The Seldom Seen Kid
Elbow
Score:89
Reviewer: Ed Butler
Label: Polydor (USA, UK & Australia)
Reviewed: Apr 21st '08, Released:2008
Elbow are the unassuming, overachieving older brother of the indie music scene. Their orchestral, ambitious brand of library-rock has, across the release of four albums over seven years, acted as a definitive lesson in mature creativity. That this sustained magnificence has not resulted in massive record sales remains a crime of the highest order.
There has always been a pervasive sense about Elbow’s music that it is much more the result of perspiration rather than inspiration. It was as if they made music by the rules, creating magic by following those structures so rigorously that flaws were rarely evident. A string section here, a judiciously selected backing vocal there, Elbow crafted songs, slowly and purposefully, flashes of brilliance the result of meticulous planning.
As such, The Seldom Seen Kid demonstrates that Elbow have, if nothing else, learned with each successive release ways to improve that songcraft, building onto their already bulging repertoire with flourishes tossed in to accompany the ever-growing list of genres at their beck and call.
This, the latest effort, sees Elbow incorporating electronica (‘Starlings’) and flamenco guitar (‘The Bones of You’), while retaining a little bit of everything that was Elbow in the past. Highlights are almost too numerous to mention, short of posting the tracklisting in its totality, but the sweeping strings on ‘Mirrorball’ and the driving rock of opening single ‘Grounds for Divorce’ are standouts.

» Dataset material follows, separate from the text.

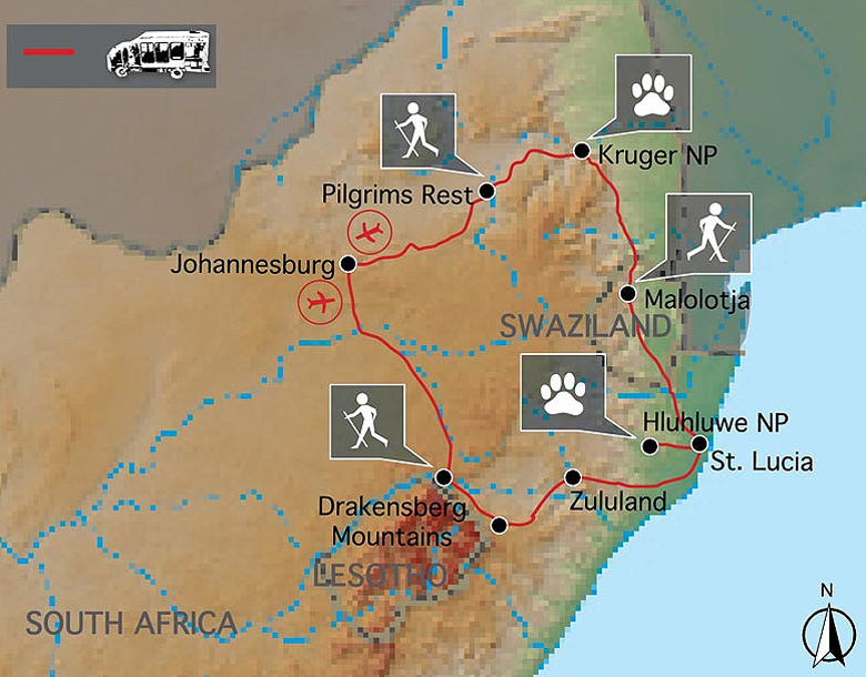 Eine auf wandern fokussierte Safari, die Landschaft und kulturelle Zielorte innerhalb Südafrika auskundschaftet, inklusive eines Besuchs des Königreichs von Swasiland. Dies ist eine Aktivreise, die Wanderungen reichen von gemächlich bis herausfordernd und bieten ein einzigartiges Abenteuer für all die, die gerne wandern. Höhepunkte sind die alte Goldgräberstadt Pilgrims Rest, die Wildreservate von Zululand und Krüger, die Dundee Schlachtfelder und die majestätischen Drakensberge.
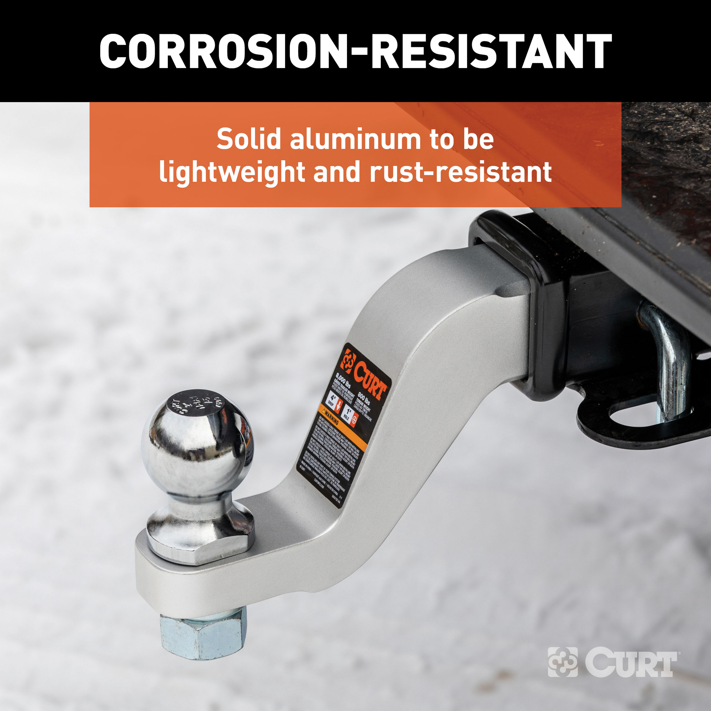 This aluminum trailer hitch ball-mount is the perfect complement to your class 3 receiver, offering a solid towing connection without the cumbersome weight of steel. Being constructed from solid, forged aluminum, this ball-mount is not only lighter weight, with an 8K rating but it is also naturally-resistant to the elements. Aluminum easily withstands exposure to dirt, rain, UV rays and more, making this aluminum ball hitch a hardworking asset in your towing system. It is great for tough jobs and towing a variety of trailers anything your class 3 hitch can handle. This hitch ball-mount features a 2 x 2 in shank to fit any industry standard 2 in receiver. It is tested and-rated to 8000 lb gross trailer weight and 800 lb tongue weight. It also features a 1 in hole to accept a trailer ball. It has a built-in 4 in drop or can be flipped for a 3 in rise to promote level towing between your vehicle and trailer.

But it is on album closer ‘Friend of Ours’ that Elbow prove their true worth. A tribute to close friend of the band, Manchester musician Brian Glancy, it is a study in masculine friendship and grief, with lyrics so moving it is worth reprinting them in their entirety. “Before leaving get to the bar/No one round here makes you pay/Never very good at goodbyes/So (gentle shoulder charge) Love you mate/Salford skyline blue/Always you/Could fly round the corner/’Til you do, love you mate.” As it is sung, strings swell, and eyes moisten. Elbow remain understated, undervalued and overachieving. This is a stunning album.